Barclays is the most high-profile of three British-based financial institutions, which, in total, have provided more than $1bn in direct and indirect funding to Mugabe's administration. The other two companies are Standard Chartered Bank and the insurance firm Old Mutual. According to influential newsletter Africa Confidential, that first disclosed the Barclays' loans, the British organisations provide an economic lifeline keeping Mugabe's regime afloat.
But it's just business.
A spokesman for Zimbabwe's main opposition party, the Movement for Democratic Change, likened the bank's actions to its support of South Africa's apartheid regime and urged a boycott.

One of the most controversial of Barclays' Zimbabwe loans is the £30m it provides to a state-sponsored agricultural 'facility' aiming to sustain land reforms that saw Mugabe seize white-owned farmland and drive more than 100,000 black workers from their homes. The government has expelled more than a million opposition supporters from Harare and Bulawayo, dumping them in the countryside.
Sorta makes them complicit in the whole affair, doesn't it?
Britain backs targeted international sanctions against the regime - although there are no economic sanctions - which prevent Mugabe or his political associates travelling to Europe or the US. It is estimated that Barclays, Standard Chartered Bank and Old Mutual have lent the Mugabe regime about £100m by purchasing treasury bills and government bonds.

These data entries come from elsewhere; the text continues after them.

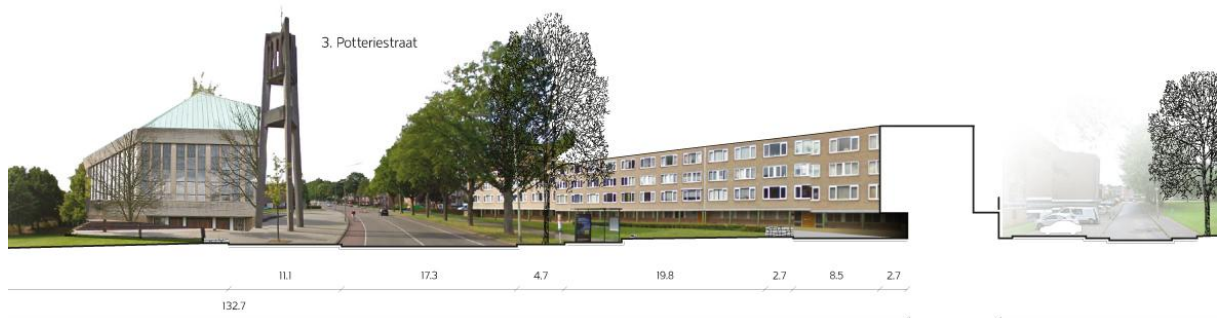
Toekomstig profiel Potteriestraat, Pottenberg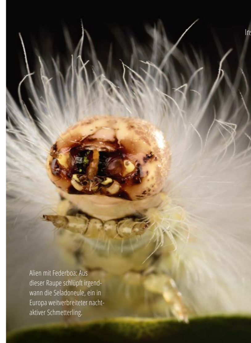
Alien mit Federboa: Aus dieser Raupe schlüpft irgendwann die Seladoneule, ein in Europa weitverbreiteter nachtaktiver Schmetterling.

Dass Insekten auf dem Rückzug sind, weiß die Fachwelt schon seit Jahrzehnten. Erst die 2017 veröffentlichte Studie des Entomologischen Vereins Krefeld brachte dem drastischen Insektensterben die notwendige Aufmerksamkeit der Gesellschaft. Ihr Fazit: Von der gesamten Biomasse der Insekten haben wir seit 1989 in Deutschland bereits drei Viertel verloren. Der dramatische Rückgang hat viele Gründe. Einer der Haupttreiber ist der Verlust der strukturellen Vielfalt auf großer Fläche. Unsere Landschaft wird eintöniger, weil die Landwirtschaft immer intensiver wird. Außerdem werden stetig weitere Böden durch Siedlungen und Straßen mit Asphalt und Beton versiegelt – laut Umweltbundesamt in Deutschland jeden Tag rund 55 Hektar. Auf diese Weise verschwinden zunehmend Insektenlebensräume – neben den natürlichen Habitaten auch Kultur-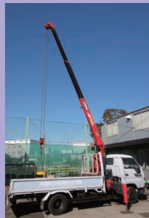
● 小型移動式クレーン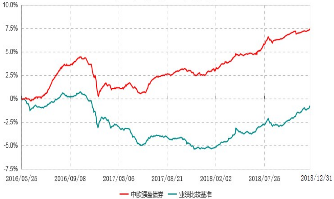
中欧强盈定期开放债券型证券投资基金累计净值增长率与业绩比较基准收益率历史走势对比图 (2016年03月25日-2018年12月31日)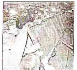
Incidentes frente al Congreso

El episodio fue el climax de una jornada signada por la tensión entre los ruralistas y los agentes de policía, que rodearon el edificio para evitar incidentes. Desde la mañana, el titular de la Federación Agraria,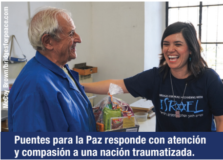
Puentes para la Paz responde con atención y compasión a una nación traumatizada.

Una de las funciones clave de la Corte Penal Internacional (CPI) es llevar ante la justicia a los criminales de guerra que viven en naciones cuyos sistemas judiciales son considerados corruptos y fallidos. Sin embargo, la CPI demostró recientemente su depravación inmoral y antisemita al emitir órdenes de arresto contra el primer ministro israelí, Benjamín Netanyahu, y el ex ministro de Defensa, Yoav Gallant. Este hecho hace referencia a la Escritura que se encuentra en Jueces 17:6b: "Cada uno hacía lo que le parecía bien ante sus propios ojos" (NBLA).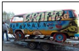
Bilen ble gitt av Fabrikken ble utsmykket av ungdommene i samarbeid med billedkunstner og kurs-leder Jeton Troni.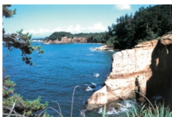
Echizen Kaga Coast Quasi-National Park (9,794ha) (越前加賀海岸国立公園)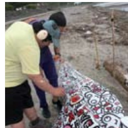
●大神の学生さんペイント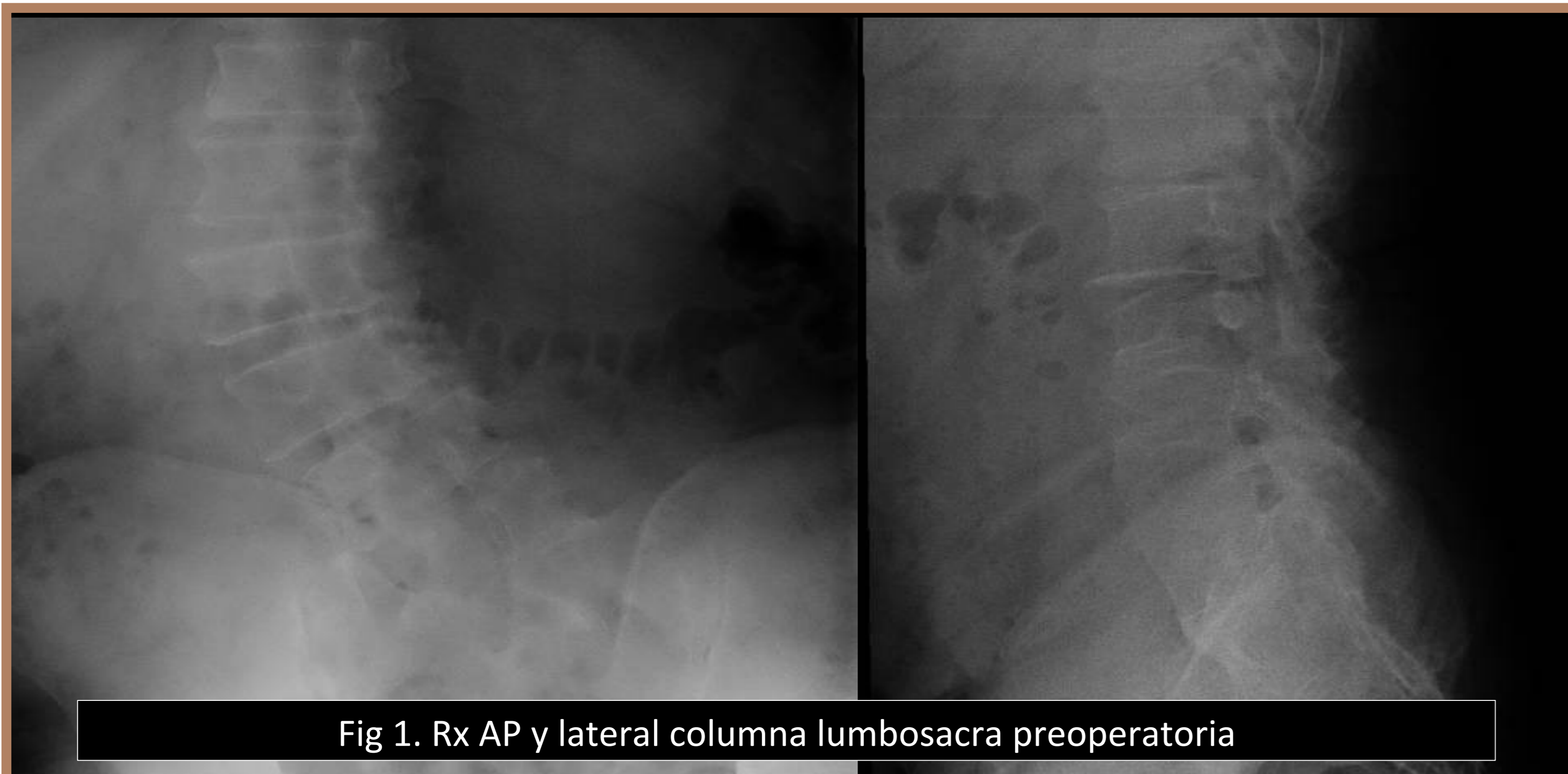
Fig 1. Rx AP y lateral columna lumbosacra preoperatoria

Se indicó cirugía (figura 4) de artrodesis posterolateral L1-S1 y recalibrage del canal lumbar con fijación in situ mediante tornillos pediculares a manos libres con control fluoroscópico, barra e injerto autólogo de cresta ilíaca.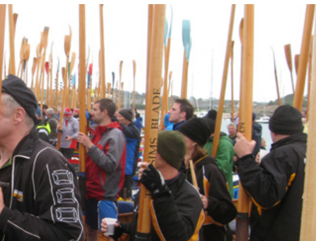
'Oars up' als begroeting bij de start van de Final Race.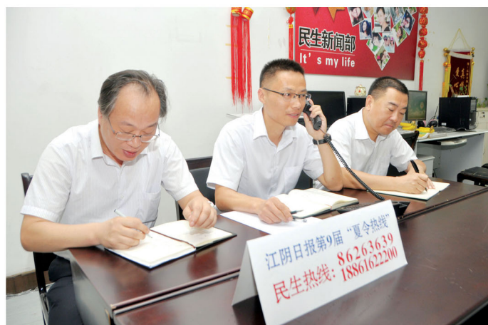
图片新闻。7月16日,公司工程管理部、质量管理部、客服中心负责人一行赴江阴日报社参加“夏令热线”栏目,为广大市民解答用水疑惑。(胡菁)

入夏以来,为减少极端天气带来的不利影响,公司抢修队早作准备、早定方案,配备充足的防风、防雨物资,抢修人员随时出发,抢修设备随时待命,确保用户能安心、放心、舒心用水。(沈斌)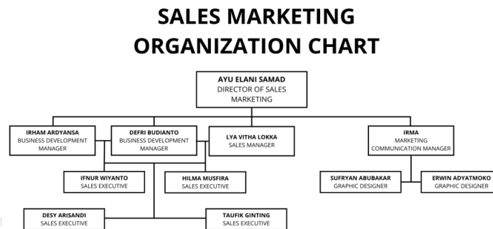
Gambar 2.4 Sales Marketing Organization Chart

Pada Sales & Marketing Departement (SM) sebagai departement tempat praktikan melakukan kegiatan magang, terdapat beberapa jobdesk yang menjadi dasar pekerjaan bagi tim SM dalam menjalankan tugas dan tanggung jawab sebagai tenaga kerja di PT. Fajar Phinisi Seaside khususnya pada Claro Hotel Kendari, sebagai berikut: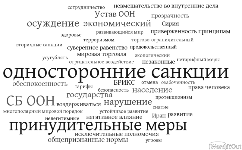
Рис 2. Облако слов: пункты, посвященные санкционным вопросам, в декларациях саммитов БРИКС/БРИКС+

пятствующим развитию государств и их сотрудничеству, но и как углубляющие напряженность между ними 20 .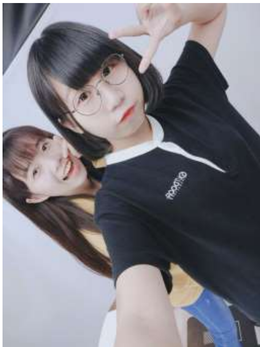
熊谷車站附近逛逛 (2019/06/20)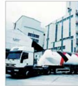
"Holcim România" a investit 3,5 milioane de euro în modernizarea fabricii de ciment din Turda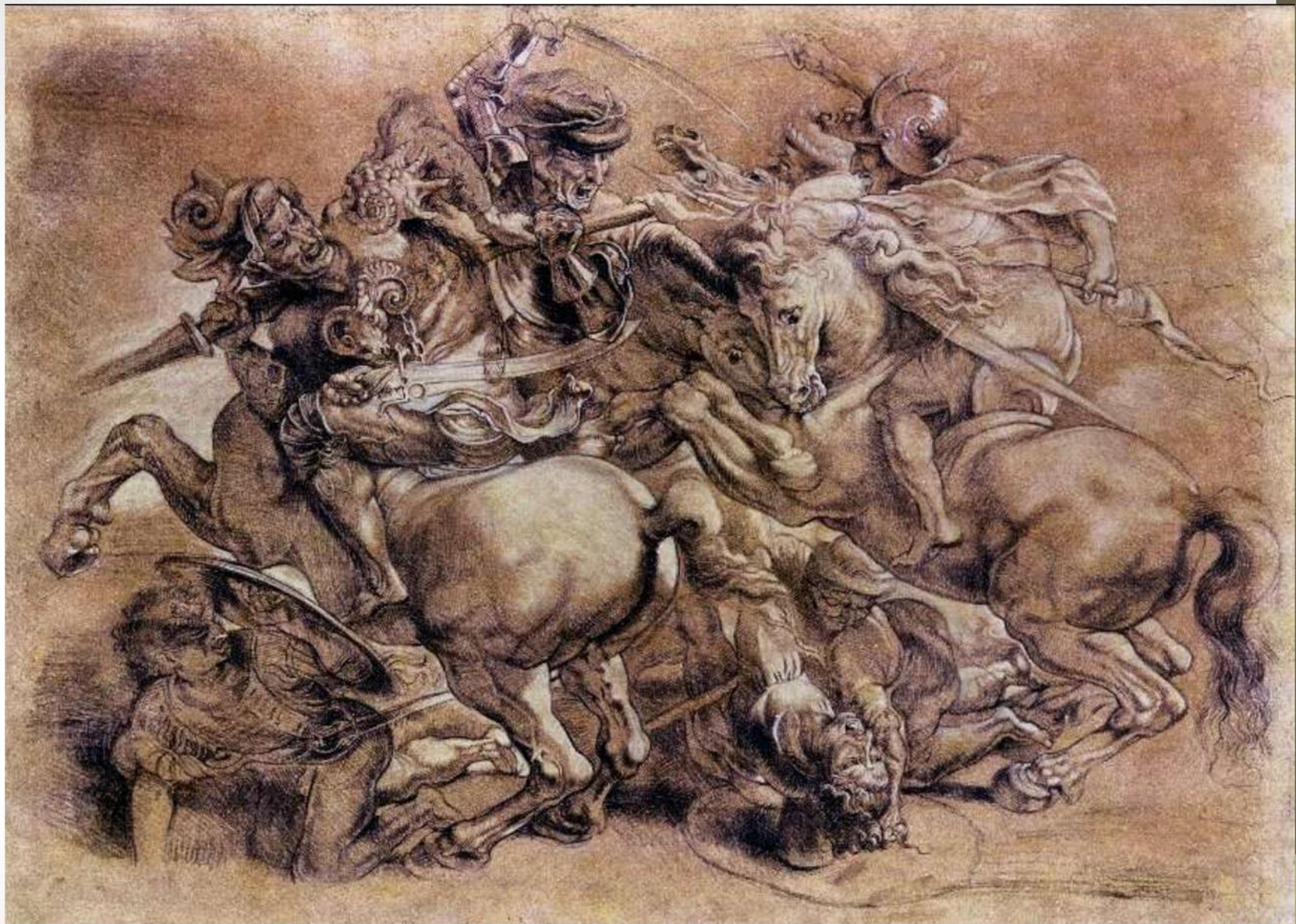
Леонардо да Винчи. Битва при Ангиари. 1504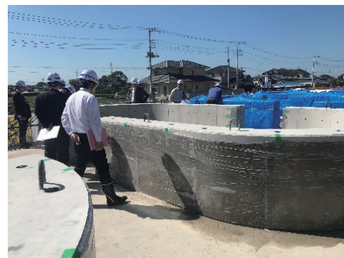
活用モデル工事の現場監査の様子

に「品確法基本方針」の一部変更があり、発注者の努力義務として制度化されました。今後、本制度の適用工事が拡大していくものと考えられます。MSA では引き続き公共工事の品質確保と生産性の向上などに寄与するよう積極的に取り組んで参ります。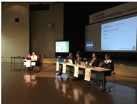
ワークショップ3 「情報・セキュリティ系」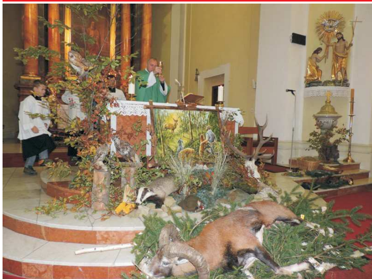
Svatohubertská mše v chrámu sv. Martina v Bánově. Slavnostní troubení přerovských trubačů při slavnostní bohoslužbě za živé i zemřelé myslivce.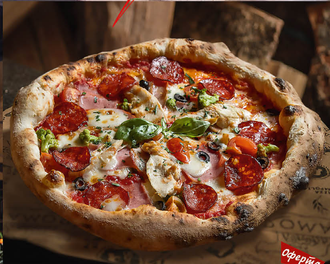
МАМА РОМА домашний бекон, салями, куриное филе, брокколи, маслины и помидоры черри 695₽ Оферта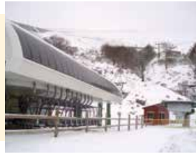
Estación de Esquí "Valdezcaray"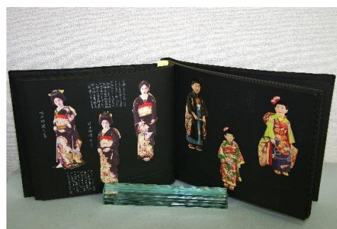
■研究ノート「各国婚礼衣装集 其一」／昭和 12 年 (縦 28.7cm×横 36.4cm)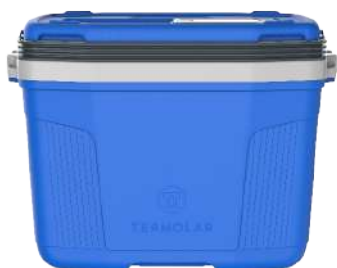
808 CAIXA TERM SUV 32L AZUL CX/1 7891023559056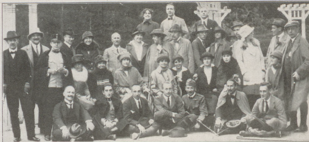
Az 1918. évi tátrai páros gyaloglóverseny résztvevői. (Az utolsó társadalmi esemény Lomnicon)

Az erkély korlátjára dőlve nézek le a színtérré... Elhómályosodik a szemem s mintha vízióim lennének s mintha nem is mult volna el azóta tizenkét év, akörnyezet hatása alatt, magam előtt lá-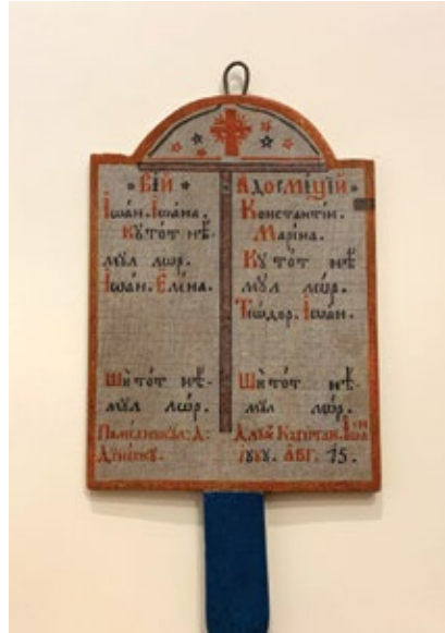
Pomelnic moldovenesc, sec. XIX

Any commercial bank operating in Zimbabwe must reinvest 40 per cent of its profits in government bonds. Barclays has arranged finance facilities worth $110m to Zimbabwean companies involved in tobacco, mining, sugar, manufacturing and the horticultural sectors. Last year Barclays bought South Africa's Absa bank for more than £2bn, making it one of the Mugabe government's biggest private financiers.

Barclays says it has had customers in Zimbabwe for decades and abandoning them now would make matters worse. A spokesman said: 'We have been in Rhodesia Zimbabwe since 1912 and have 1,000 employees serving 150,000 retail, business and corporate customers in the country. We are committed to continuing to provide a service to those customers in what is clearly a difficult operating environment. As with all other banks and businesses, Barclays is required to comply with the regulations of the Reserve Bank. This involves participating from time to time in the purchase of treasury bills and government bonds.'

Old Mutual, the London insurance firm, holds investments on the Zimbabwe Stock Exchange worth about 16 per cent of the market and has a stake in Zimbabwe Newspapers, which publishes the Herald and the Chronicle. Nobody from Old Mutual was available for comment.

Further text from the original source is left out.